You can reored operation in your render loop so you can process pool notifications before SwapBuffers call. In this case driver will initiate DMA transfers and then swap buffers. If you turn on vsync, then vsync waiting time on GPU should be used for texture data transfer and CPU will be free to spent some time with decoders.

Another idea is to use fences. Just set fence right after each glTexSubImage call an later just check fence status. If its finished, you can use that texure, if not use yoour CPU for something else.

Yes, I think that’s what mfort suggested, and I had my head around something like that - I do like the fact that since the GL stuff is in one thread, it wasn’t a problem. But in my case, I have 2-4 drawing threads, so even if I do that in one thread I still have to see when the other threads can use it.

Meanwhile, I’ve been back and forth about whether to take the next step of using shaders to convert the PBOs to floating point FBOs on the draw threads or the transfer thread. My current thinking (as of 4pm ; ) is that since I will also need to recompile shaders and find uniforms etc every time I change the movie - and pixel format, I can’t risk the time of doing that on the draw threads, therefore I need to draw to FBOs on the transfer threads.

So my problems actually changes from being the esoteric PBO completion to a simpler question of when the FBO drawing is complete.

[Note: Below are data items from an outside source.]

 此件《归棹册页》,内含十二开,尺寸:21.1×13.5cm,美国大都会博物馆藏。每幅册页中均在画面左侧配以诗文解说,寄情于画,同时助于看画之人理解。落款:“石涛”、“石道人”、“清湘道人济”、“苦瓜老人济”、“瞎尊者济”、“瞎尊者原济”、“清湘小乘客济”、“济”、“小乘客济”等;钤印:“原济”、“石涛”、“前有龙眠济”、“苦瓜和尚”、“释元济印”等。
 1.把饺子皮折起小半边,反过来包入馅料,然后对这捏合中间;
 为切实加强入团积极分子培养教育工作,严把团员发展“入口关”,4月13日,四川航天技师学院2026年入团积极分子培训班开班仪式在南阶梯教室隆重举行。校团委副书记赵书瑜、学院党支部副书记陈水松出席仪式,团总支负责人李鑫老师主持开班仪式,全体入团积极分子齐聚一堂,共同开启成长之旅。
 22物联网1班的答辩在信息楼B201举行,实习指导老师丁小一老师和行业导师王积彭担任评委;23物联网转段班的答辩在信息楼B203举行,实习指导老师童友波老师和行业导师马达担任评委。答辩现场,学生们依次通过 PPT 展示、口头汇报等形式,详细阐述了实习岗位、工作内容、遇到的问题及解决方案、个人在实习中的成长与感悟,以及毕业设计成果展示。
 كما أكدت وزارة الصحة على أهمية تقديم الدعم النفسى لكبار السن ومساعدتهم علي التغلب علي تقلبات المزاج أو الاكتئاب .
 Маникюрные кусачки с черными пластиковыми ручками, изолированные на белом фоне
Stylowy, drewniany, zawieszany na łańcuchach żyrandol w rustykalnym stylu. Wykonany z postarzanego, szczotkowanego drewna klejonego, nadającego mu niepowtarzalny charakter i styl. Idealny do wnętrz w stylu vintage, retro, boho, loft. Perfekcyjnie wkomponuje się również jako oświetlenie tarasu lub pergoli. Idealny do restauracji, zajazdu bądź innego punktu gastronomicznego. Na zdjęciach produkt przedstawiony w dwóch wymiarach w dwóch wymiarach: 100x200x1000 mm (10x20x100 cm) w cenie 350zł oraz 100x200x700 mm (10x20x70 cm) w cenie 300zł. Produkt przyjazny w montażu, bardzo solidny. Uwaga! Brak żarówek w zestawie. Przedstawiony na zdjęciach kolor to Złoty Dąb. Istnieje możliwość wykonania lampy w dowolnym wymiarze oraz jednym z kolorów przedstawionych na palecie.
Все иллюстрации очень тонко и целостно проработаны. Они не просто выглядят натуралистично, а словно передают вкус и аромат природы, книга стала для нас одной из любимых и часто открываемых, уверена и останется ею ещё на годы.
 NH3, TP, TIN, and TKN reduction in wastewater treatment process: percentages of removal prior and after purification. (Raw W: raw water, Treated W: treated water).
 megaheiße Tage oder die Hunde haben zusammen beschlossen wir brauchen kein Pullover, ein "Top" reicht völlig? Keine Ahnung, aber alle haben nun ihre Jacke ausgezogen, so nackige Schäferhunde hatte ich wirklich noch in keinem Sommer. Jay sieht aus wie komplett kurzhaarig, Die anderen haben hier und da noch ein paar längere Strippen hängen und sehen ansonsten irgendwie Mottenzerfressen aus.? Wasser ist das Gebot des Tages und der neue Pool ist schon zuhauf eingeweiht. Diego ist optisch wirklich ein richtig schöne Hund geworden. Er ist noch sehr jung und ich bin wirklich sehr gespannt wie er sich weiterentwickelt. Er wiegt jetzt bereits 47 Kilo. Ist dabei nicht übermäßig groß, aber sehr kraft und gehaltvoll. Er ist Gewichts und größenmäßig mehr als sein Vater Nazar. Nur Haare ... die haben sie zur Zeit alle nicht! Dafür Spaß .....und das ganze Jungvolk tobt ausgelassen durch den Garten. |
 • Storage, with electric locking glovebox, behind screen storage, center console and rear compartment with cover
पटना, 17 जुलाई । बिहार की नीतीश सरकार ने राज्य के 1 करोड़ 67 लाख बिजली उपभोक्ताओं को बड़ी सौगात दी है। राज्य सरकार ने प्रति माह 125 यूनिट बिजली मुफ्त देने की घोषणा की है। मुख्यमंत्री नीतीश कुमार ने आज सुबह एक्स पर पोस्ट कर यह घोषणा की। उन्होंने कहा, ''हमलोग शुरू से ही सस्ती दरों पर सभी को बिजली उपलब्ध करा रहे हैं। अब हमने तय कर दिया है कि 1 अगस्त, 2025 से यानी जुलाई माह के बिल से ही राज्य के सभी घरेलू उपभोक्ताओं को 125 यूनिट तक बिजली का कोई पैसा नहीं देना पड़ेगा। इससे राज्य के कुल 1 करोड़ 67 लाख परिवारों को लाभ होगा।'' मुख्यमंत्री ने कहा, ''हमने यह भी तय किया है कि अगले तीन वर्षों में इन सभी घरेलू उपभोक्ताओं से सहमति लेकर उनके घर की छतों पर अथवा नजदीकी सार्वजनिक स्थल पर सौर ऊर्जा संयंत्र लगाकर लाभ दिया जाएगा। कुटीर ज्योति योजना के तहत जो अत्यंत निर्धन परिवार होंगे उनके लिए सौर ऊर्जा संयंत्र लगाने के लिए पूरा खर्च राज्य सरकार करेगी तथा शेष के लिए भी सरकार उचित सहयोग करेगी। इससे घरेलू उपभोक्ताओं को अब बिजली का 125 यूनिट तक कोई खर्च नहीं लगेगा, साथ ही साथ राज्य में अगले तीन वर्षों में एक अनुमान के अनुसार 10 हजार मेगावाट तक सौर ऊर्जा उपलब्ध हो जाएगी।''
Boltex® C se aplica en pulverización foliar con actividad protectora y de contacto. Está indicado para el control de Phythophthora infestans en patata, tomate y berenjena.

I know that I can first just glFinish, and hopefully that one thread only will stall, or I can (flush then) use a fence - using test to visit a few times, then wait if needed.

Thanks for the answers and extra knowledge. Love this forum.

Bruce

Just to check back in, I am now using fences (on Mac and Linux Nvidia) to detect drawing is finished, and it’s working very well. It means I can break down and recreate shaders quite happily on the side thread, and do some nice overlapping (with a job pool) copies and transfers, then use a shader to convert to a RGB HALF from whatever the transfer format was. In general, testing the fence a few times (in a round robin way between tasks) shows when the operations are complete, and I only need to finish up to the fence occasionally.

Avoiding contention is the hardest bit, but my current effort seems reasonable.

Thanks for all help.

Bruce